Their composition indicates that they were formed at a time when temperatures in the mantle were considerably higher than they are today, which shows that the Earth has continued to cool off in the intervening millennia. As the crust continued to solidify, silica-rich material (which was less dense than the molten matter below) tended to rise up and collect on top of the mantle.
Since it was ‘lighter’ than both the mantle and the ocean floor, these silica-rich rocks were not subducted and remained floating on the surface, eventually getting thick enough to rise above the water level as islands.
Over time, the newly-formed islands continued to drift on top of the tectonic plates, bumping into each other and consolidating, until sizable chunks of land had been formed at various locations on the Earth.
These amalgamations are called ‘micro-continents’. Simultaneously, rocks exposed above the water line proceeded to be eroded by wind and running water, and worn-down rock fragments were deposited along the periphery between the land and the ocean as gravel conglomerates, sandstones and mudstones. The first continent was taking shape.
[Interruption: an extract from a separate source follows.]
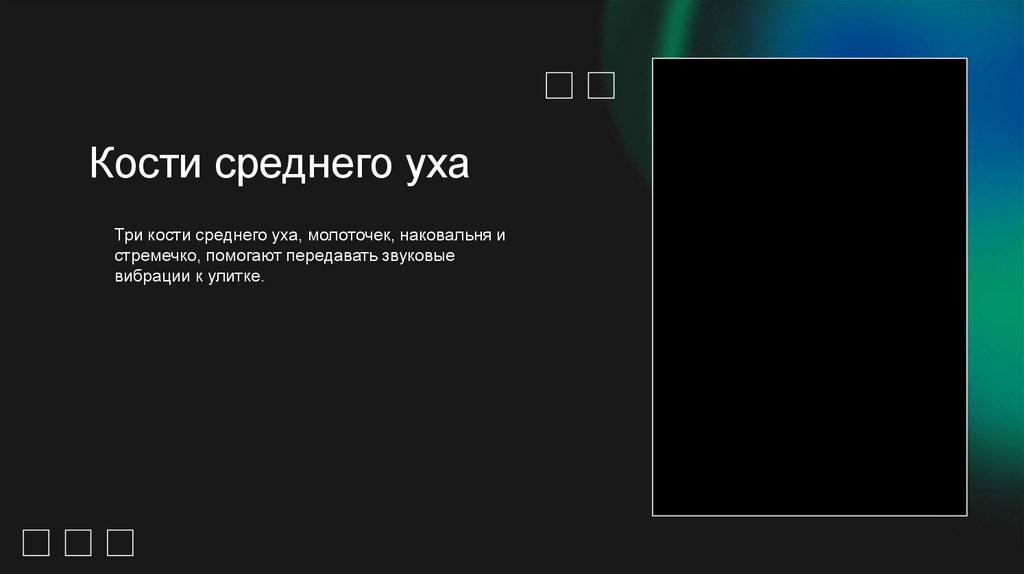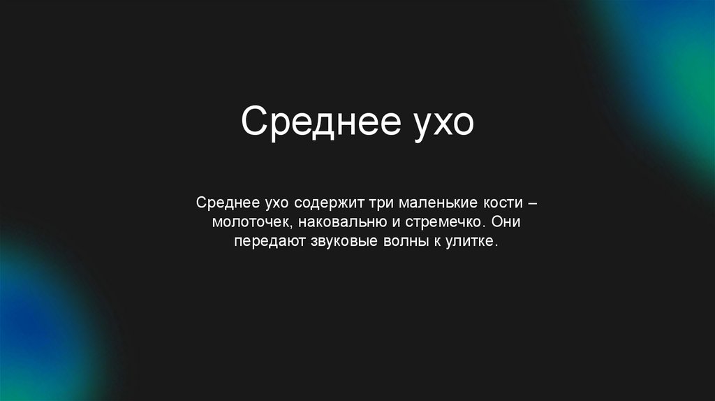 Среднее ухоСреднее ухо содержит три маленькие кости –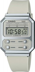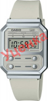 Vintage. Унисекс. Часы являются копией модели F-100, которая была первой моделью Casio в пластиковом корпусе. Отличительной чертой часов являются 4 кнопки на лицевой панели. Циферблат подсвечивается светодиодом. Цвет подсветки: оранжевый. Секундомер с точностью показаний 1/10с и временем измерения 1ч. Батарея рассчитана на 3 года. Водонепроницаемость в соответствии с DIN 8310/ISO 2281. Батарея рассчитана на 3 года. Ремешок с классической застежкой.

To cut a long story short, these buoyant early continents continued to grow and, since they were less dense than the ocean floor, proved very difficult to subduct. Some sections of continental crust therefore remained more or less extant for the next 3 billion years. They may have split up and recombined several times, but they were not destroyed or recycled. Today, we call these stable pieces of ancient crust, ‘cratons’.
One of the earliest cratons on the planet is the Kaapvaal Craton, which still lies at the heart of Southern Africa. The original size of this craton is unknown, but analysis has shown that the eastern part of South Africa, western part of Australia, India and Madagascar were all once joined together in this ancient continent.
Over the years, newer rock layers were laid down on top of the craton’s Granite-Greenstone basement, along with an impressive amount of valuable minerals. The Kaapvaal Craton would also be the epicentre of the Vredefort impact. The first layer of new rocks to be formed on the Kaapvaal craton is called the Dominion group.
It consists of a thin layer of sedimentary rocks topped by a thicker layer of igneous rocks. Sedimentary rocks are created when fragments of eroded rocks are deposited in a new location and gradually turn into stone, through a process called lithification.
Igneous rocks, on the other hand, are created through volcanic activity in the upper mantle and crust, in which magma is injected up through cracks in the crust until it cools and solidifies. Lava flows that emerge on the Earth’s surface can also form igneous rocks.